[What you are asked to do]: When the line with "利用用戶信息傳輸裝置與城中村" turns up below, begin repeating exactly, and carry on through the line with "Showcase your stock"; no pictures go into the copy.
:: Data extract
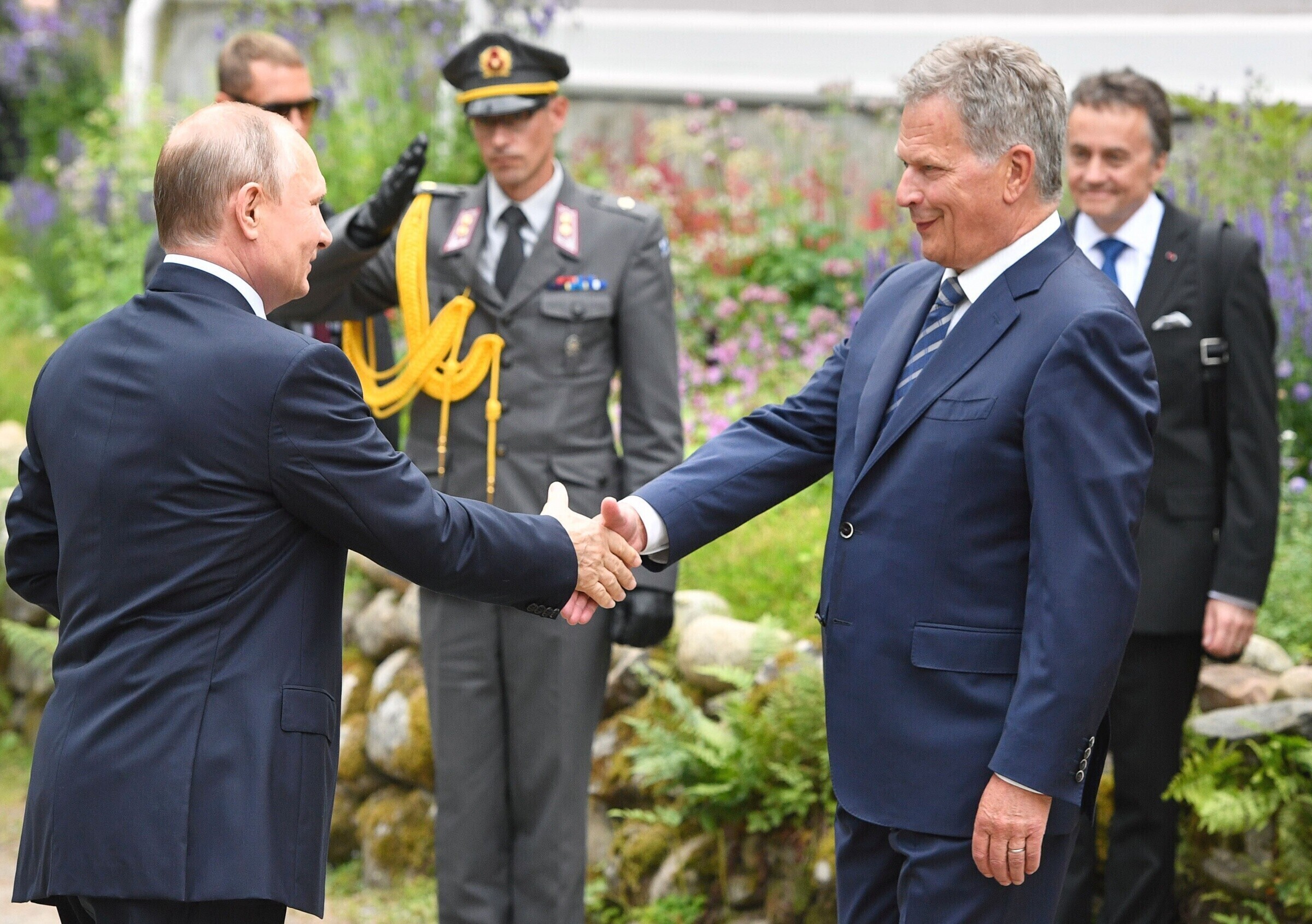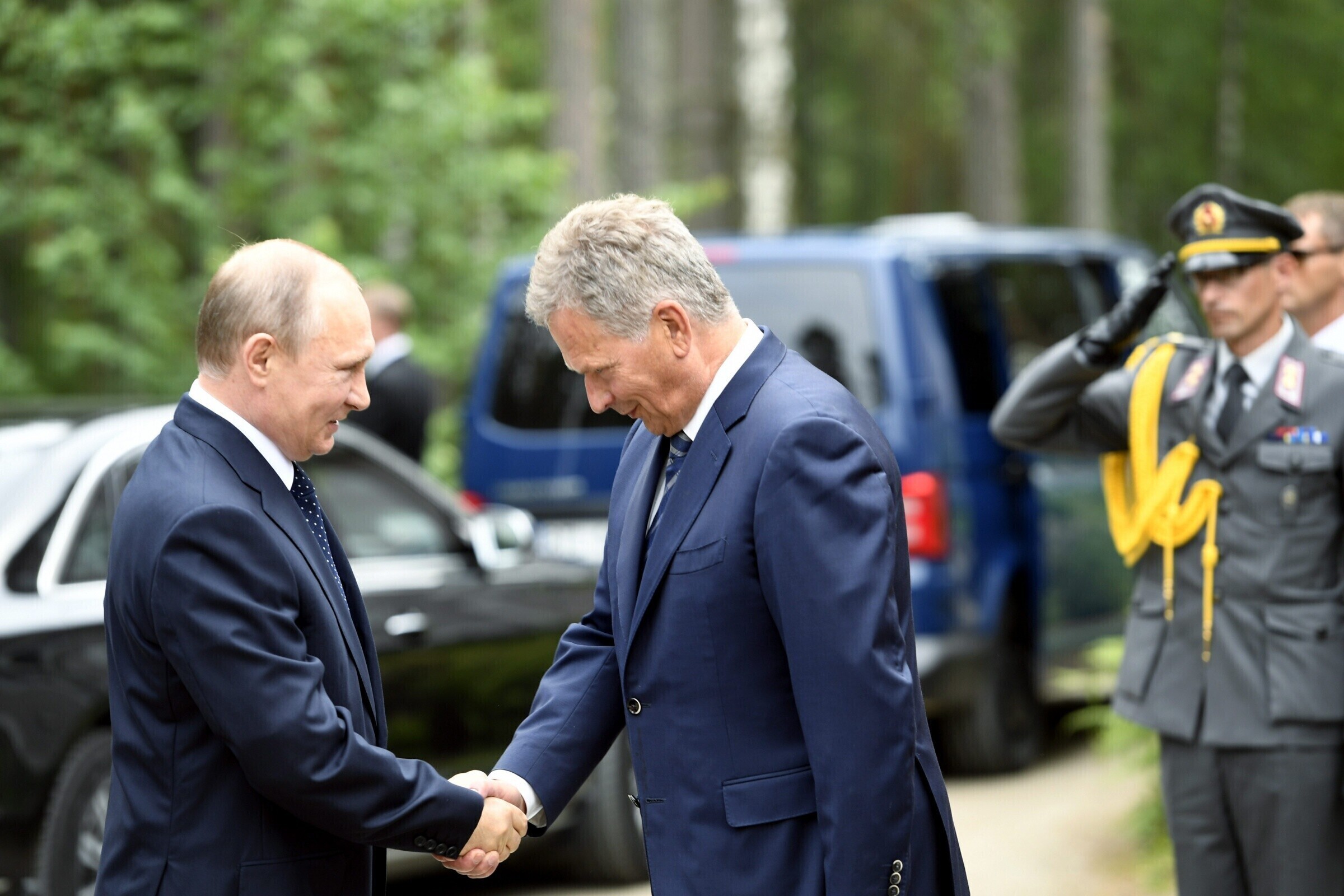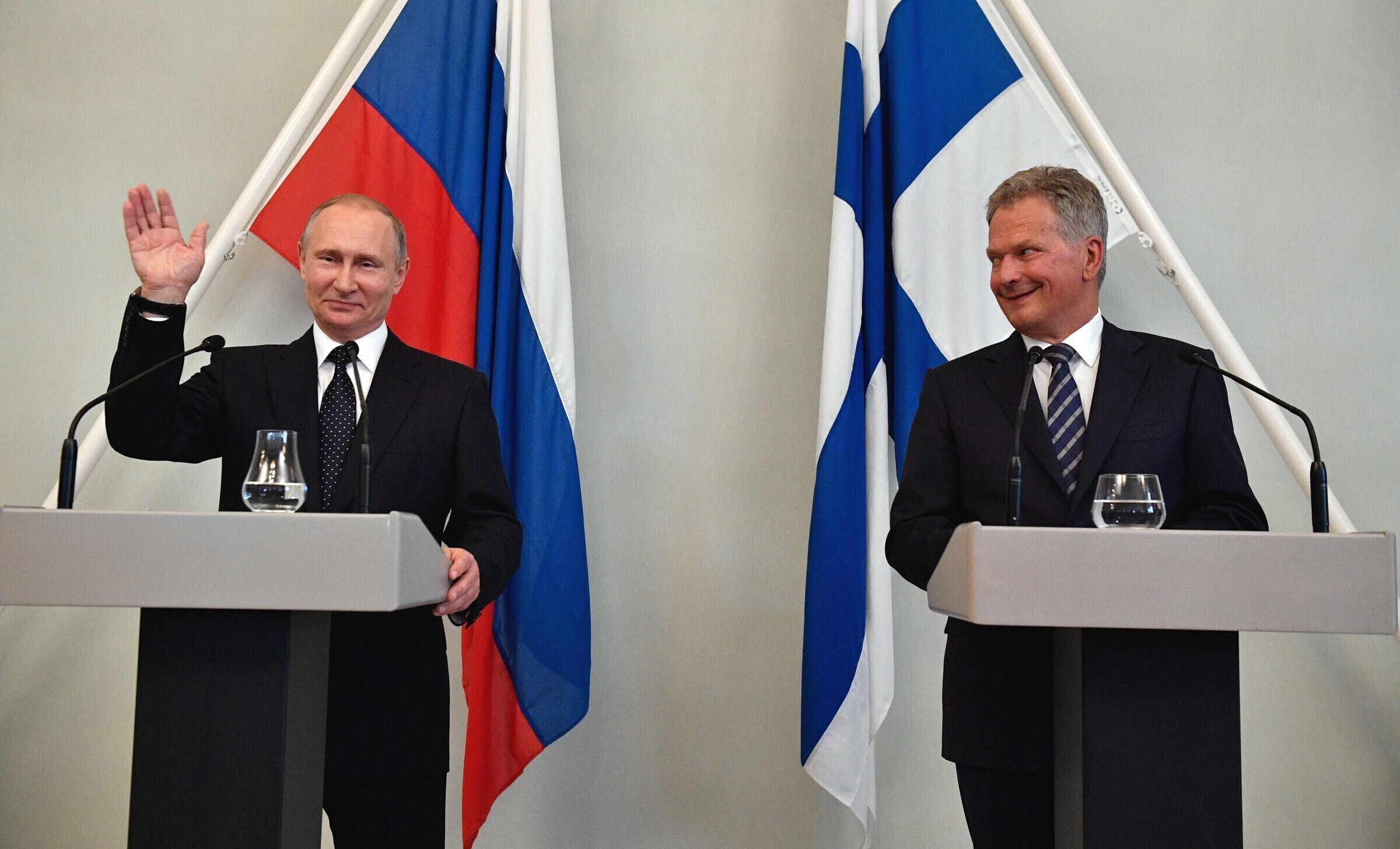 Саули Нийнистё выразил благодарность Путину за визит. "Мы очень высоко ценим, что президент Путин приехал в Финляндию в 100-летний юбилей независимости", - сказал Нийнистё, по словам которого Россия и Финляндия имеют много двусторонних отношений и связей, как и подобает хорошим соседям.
::::
:: Data extract
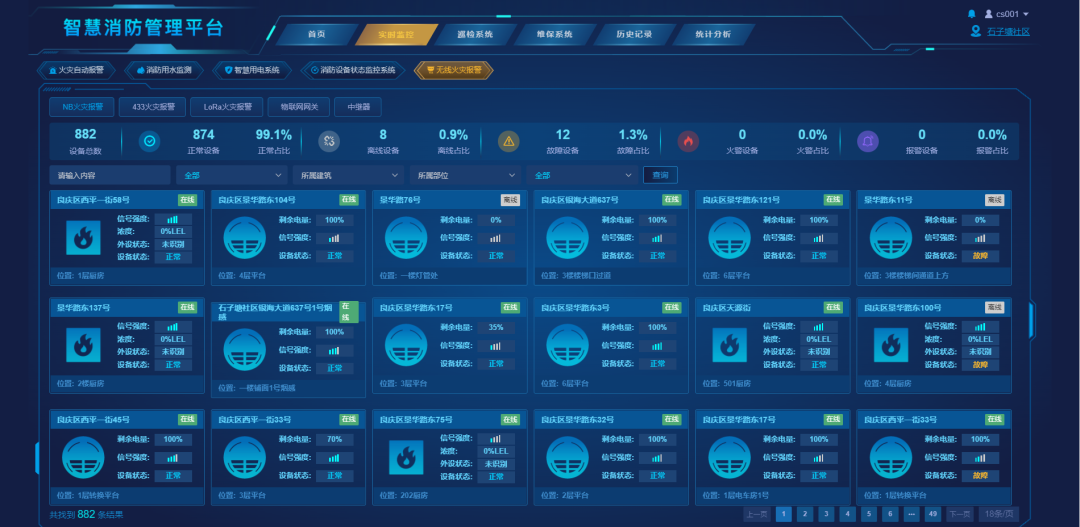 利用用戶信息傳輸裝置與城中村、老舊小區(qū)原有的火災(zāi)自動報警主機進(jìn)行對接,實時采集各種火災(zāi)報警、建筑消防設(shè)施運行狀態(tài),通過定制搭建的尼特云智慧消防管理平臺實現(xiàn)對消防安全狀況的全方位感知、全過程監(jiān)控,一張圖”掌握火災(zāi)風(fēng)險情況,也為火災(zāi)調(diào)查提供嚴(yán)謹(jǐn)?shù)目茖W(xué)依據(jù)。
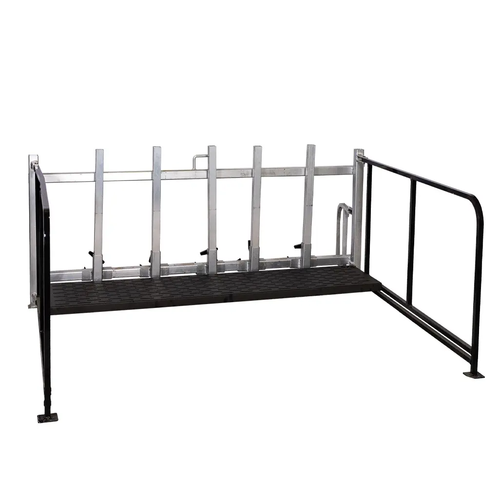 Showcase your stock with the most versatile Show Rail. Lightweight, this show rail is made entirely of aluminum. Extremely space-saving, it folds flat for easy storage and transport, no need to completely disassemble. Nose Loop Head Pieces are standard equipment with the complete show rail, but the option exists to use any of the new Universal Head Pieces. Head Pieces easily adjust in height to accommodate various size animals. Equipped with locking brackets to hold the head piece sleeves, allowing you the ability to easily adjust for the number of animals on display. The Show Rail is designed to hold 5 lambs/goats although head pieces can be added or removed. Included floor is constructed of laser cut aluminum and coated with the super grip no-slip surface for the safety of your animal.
::::
[Solution to this task]:
 利用用戶信息傳輸裝置與城中村、老舊小區(qū)原有的火災(zāi)自動報警主機進(jìn)行對接,實時采集各種火災(zāi)報警、建筑消防設(shè)施運行狀態(tài),通過定制搭建的尼特云智慧消防管理平臺實現(xiàn)對消防安全狀況的全方位感知、全過程監(jiān)控,一張圖”掌握火災(zāi)風(fēng)險情況,也為火災(zāi)調(diào)查提供嚴(yán)謹(jǐn)?shù)目茖W(xué)依據(jù)。
 Showcase your stock with the most versatile Show Rail. Lightweight, this show rail is made entirely of aluminum. Extremely space-saving, it folds flat for easy storage and transport, no need to completely disassemble. Nose Loop Head Pieces are standard equipment with the complete show rail, but the option exists to use any of the new Universal Head Pieces. Head Pieces easily adjust in height to accommodate various size animals. Equipped with locking brackets to hold the head piece sleeves, allowing you the ability to easily adjust for the number of animals on display. The Show Rail is designed to hold 5 lambs/goats although head pieces can be added or removed. Included floor is constructed of laser cut aluminum and coated with the super grip no-slip surface for the safety of your animal.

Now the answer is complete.